- About this task
Pictures must not be copied, but every entry must be reproduced exactly.
##### Material supplied #####
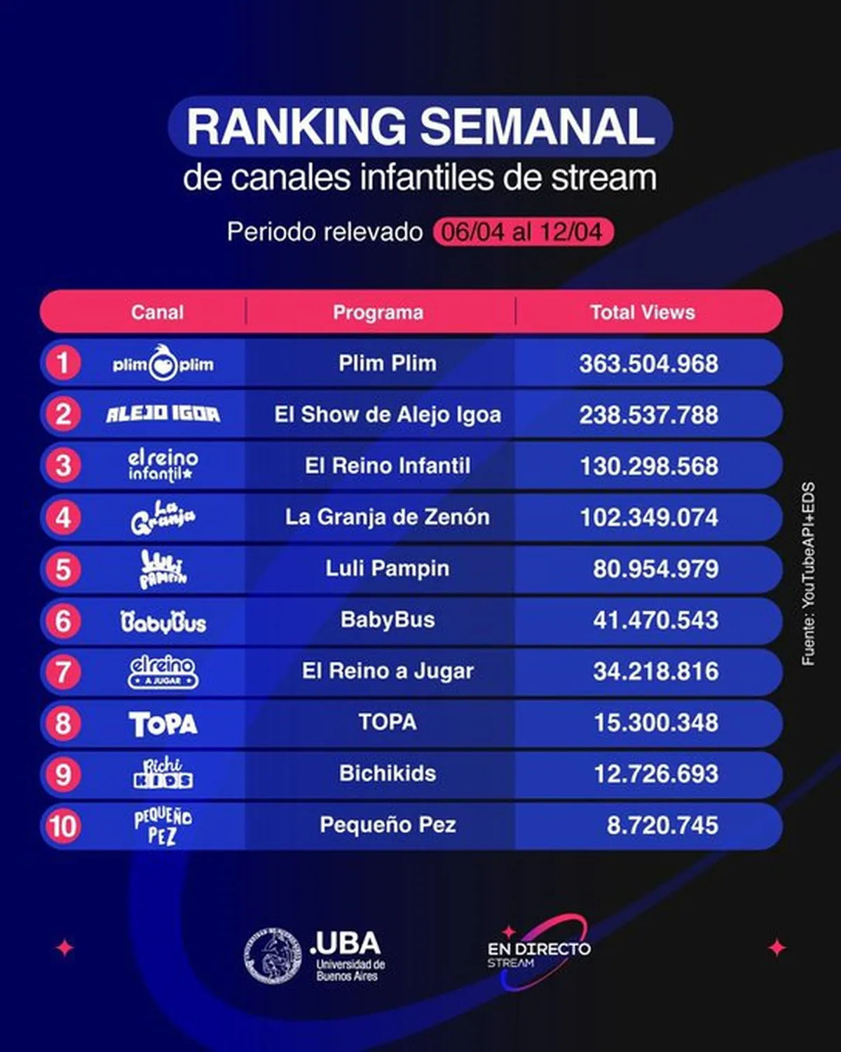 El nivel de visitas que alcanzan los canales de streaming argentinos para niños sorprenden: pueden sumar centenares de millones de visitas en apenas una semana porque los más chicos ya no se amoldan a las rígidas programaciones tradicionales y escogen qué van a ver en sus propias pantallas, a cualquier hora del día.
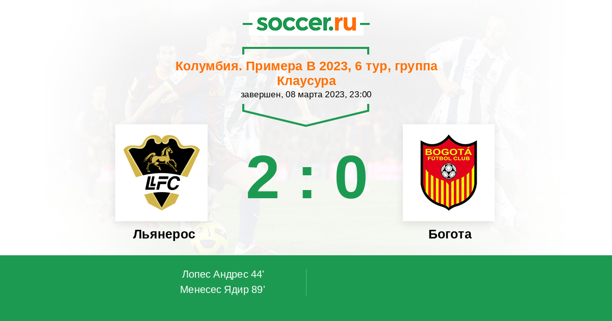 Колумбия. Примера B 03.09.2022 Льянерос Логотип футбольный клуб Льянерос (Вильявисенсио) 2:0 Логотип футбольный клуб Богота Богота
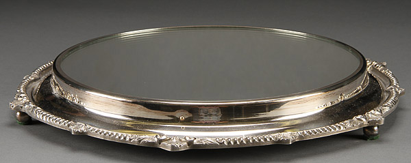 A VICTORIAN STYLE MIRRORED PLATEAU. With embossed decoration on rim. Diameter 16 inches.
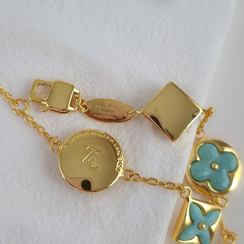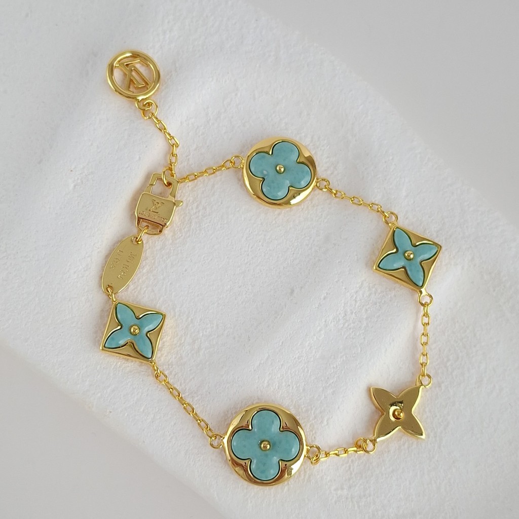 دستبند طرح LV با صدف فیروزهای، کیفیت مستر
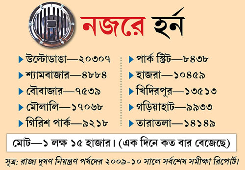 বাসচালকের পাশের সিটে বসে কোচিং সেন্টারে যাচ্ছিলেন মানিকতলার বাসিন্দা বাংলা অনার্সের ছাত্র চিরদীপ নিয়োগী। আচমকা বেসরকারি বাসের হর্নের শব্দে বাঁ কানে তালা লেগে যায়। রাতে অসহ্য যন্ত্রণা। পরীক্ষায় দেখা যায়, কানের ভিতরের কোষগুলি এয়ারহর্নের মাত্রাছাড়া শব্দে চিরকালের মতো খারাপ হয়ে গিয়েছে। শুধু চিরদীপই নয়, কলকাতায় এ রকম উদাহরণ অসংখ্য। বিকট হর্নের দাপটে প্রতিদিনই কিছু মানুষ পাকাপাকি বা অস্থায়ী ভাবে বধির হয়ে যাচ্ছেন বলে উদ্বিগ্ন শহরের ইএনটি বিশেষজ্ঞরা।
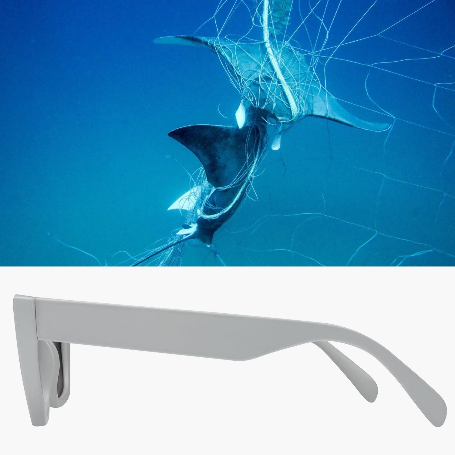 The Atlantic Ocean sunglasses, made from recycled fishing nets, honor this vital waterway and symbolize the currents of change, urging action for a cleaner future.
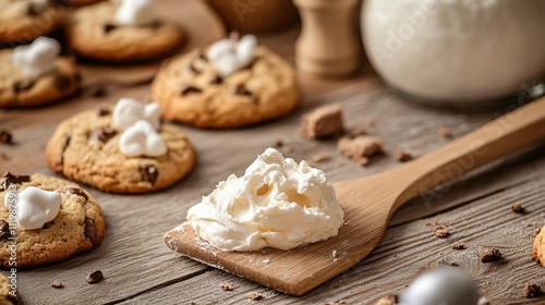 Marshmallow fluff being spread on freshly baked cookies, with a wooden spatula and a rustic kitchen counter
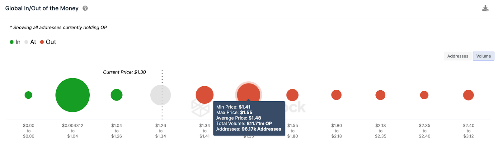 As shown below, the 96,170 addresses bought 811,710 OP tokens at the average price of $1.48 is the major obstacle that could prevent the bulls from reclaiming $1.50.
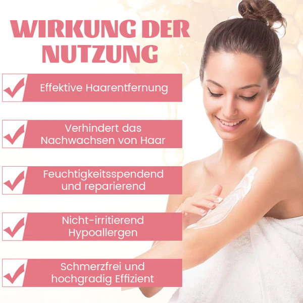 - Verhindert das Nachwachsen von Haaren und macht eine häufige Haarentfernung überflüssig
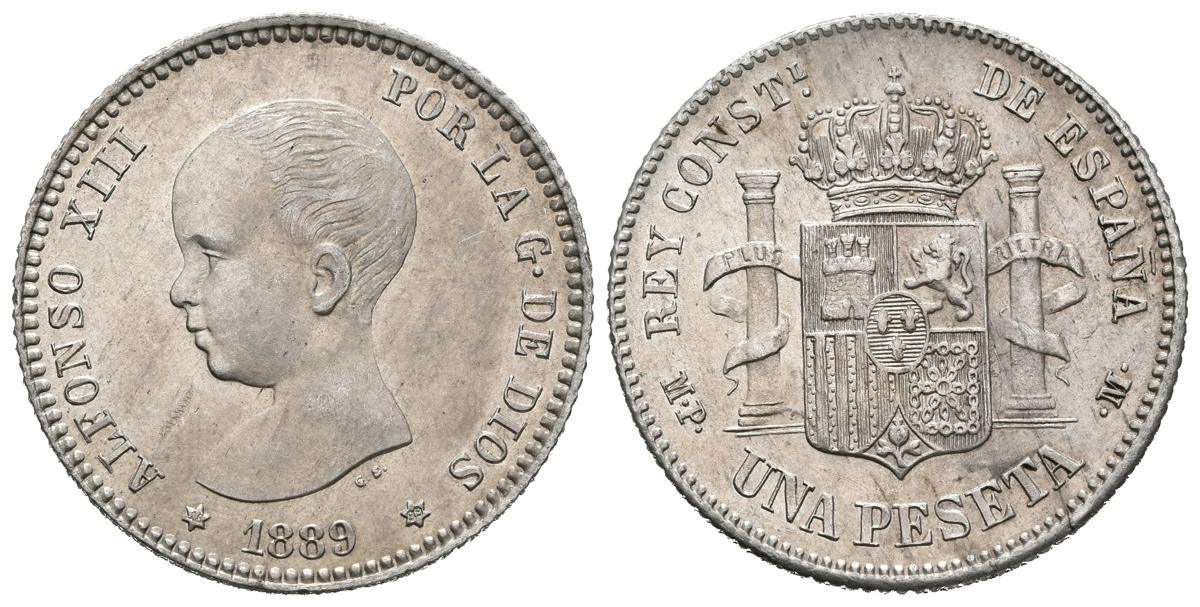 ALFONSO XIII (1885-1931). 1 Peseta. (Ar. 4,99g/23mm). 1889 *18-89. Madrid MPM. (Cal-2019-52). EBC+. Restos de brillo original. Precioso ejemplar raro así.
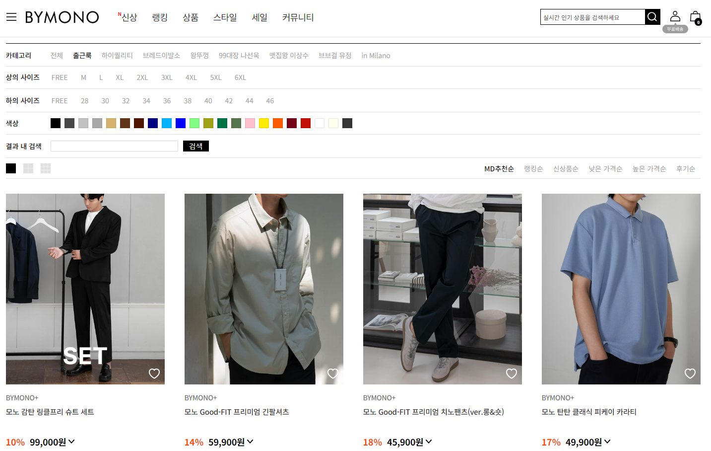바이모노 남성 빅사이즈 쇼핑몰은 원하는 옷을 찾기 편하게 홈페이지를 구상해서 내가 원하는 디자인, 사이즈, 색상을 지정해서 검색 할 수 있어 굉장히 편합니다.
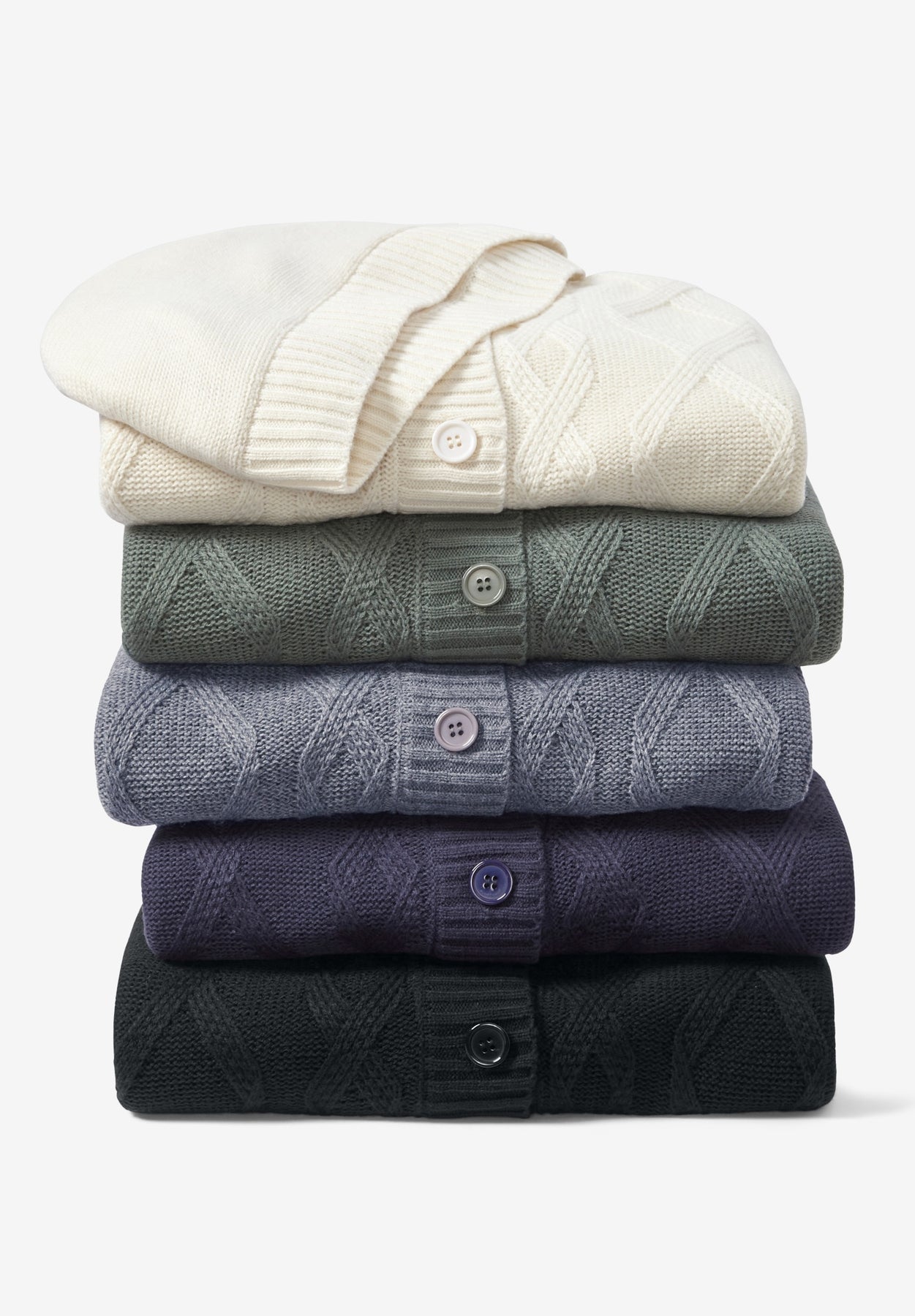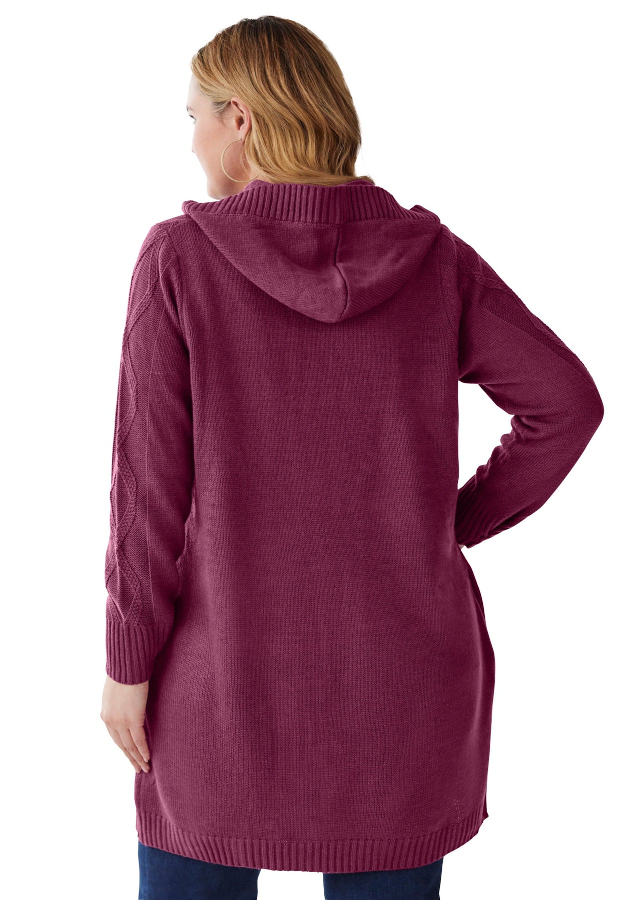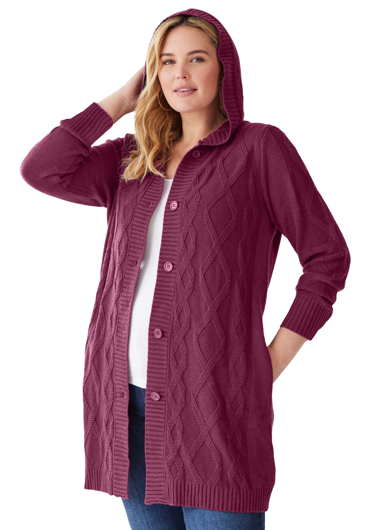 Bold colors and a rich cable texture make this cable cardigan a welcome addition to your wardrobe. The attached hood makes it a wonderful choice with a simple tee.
#####
- Expected output
 El nivel de visitas que alcanzan los canales de streaming argentinos para niños sorprenden: pueden sumar centenares de millones de visitas en apenas una semana porque los más chicos ya no se amoldan a las rígidas programaciones tradicionales y escogen qué van a ver en sus propias pantallas, a cualquier hora del día.
 Колумбия. Примера B 03.09.2022 Льянерос Логотип футбольный клуб Льянерос (Вильявисенсио) 2:0 Логотип футбольный клуб Богота Богота
 A VICTORIAN STYLE MIRRORED PLATEAU. With embossed decoration on rim. Diameter 16 inches.
 دستبند طرح LV با صدف فیروزهای، کیفیت مستر
 বাসচালকের পাশের সিটে বসে কোচিং সেন্টারে যাচ্ছিলেন মানিকতলার বাসিন্দা বাংলা অনার্সের ছাত্র চিরদীপ নিয়োগী। আচমকা বেসরকারি বাসের হর্নের শব্দে বাঁ কানে তালা লেগে যায়। রাতে অসহ্য যন্ত্রণা। পরীক্ষায় দেখা যায়, কানের ভিতরের কোষগুলি এয়ারহর্নের মাত্রাছাড়া শব্দে চিরকালের মতো খারাপ হয়ে গিয়েছে। শুধু চিরদীপই নয়, কলকাতায় এ রকম উদাহরণ অসংখ্য। বিকট হর্নের দাপটে প্রতিদিনই কিছু মানুষ পাকাপাকি বা অস্থায়ী ভাবে বধির হয়ে যাচ্ছেন বলে উদ্বিগ্ন শহরের ইএনটি বিশেষজ্ঞরা।
 The Atlantic Ocean sunglasses, made from recycled fishing nets, honor this vital waterway and symbolize the currents of change, urging action for a cleaner future.
 Marshmallow fluff being spread on freshly baked cookies, with a wooden spatula and a rustic kitchen counter
 As shown below, the 96,170 addresses bought 811,710 OP tokens at the average price of $1.48 is the major obstacle that could prevent the bulls from reclaiming $1.50.
 - Verhindert das Nachwachsen von Haaren und macht eine häufige Haarentfernung überflüssig
 ALFONSO XIII (1885-1931). 1 Peseta. (Ar. 4,99g/23mm). 1889 *18-89. Madrid MPM. (Cal-2019-52). EBC+. Restos de brillo original. Precioso ejemplar raro así.
바이모노 남성 빅사이즈 쇼핑몰은 원하는 옷을 찾기 편하게 홈페이지를 구상해서 내가 원하는 디자인, 사이즈, 색상을 지정해서 검색 할 수 있어 굉장히 편합니다.
 Bold colors and a rich cable texture make this cable cardigan a welcome addition to your wardrobe. The attached hood makes it a wonderful choice with a simple tee.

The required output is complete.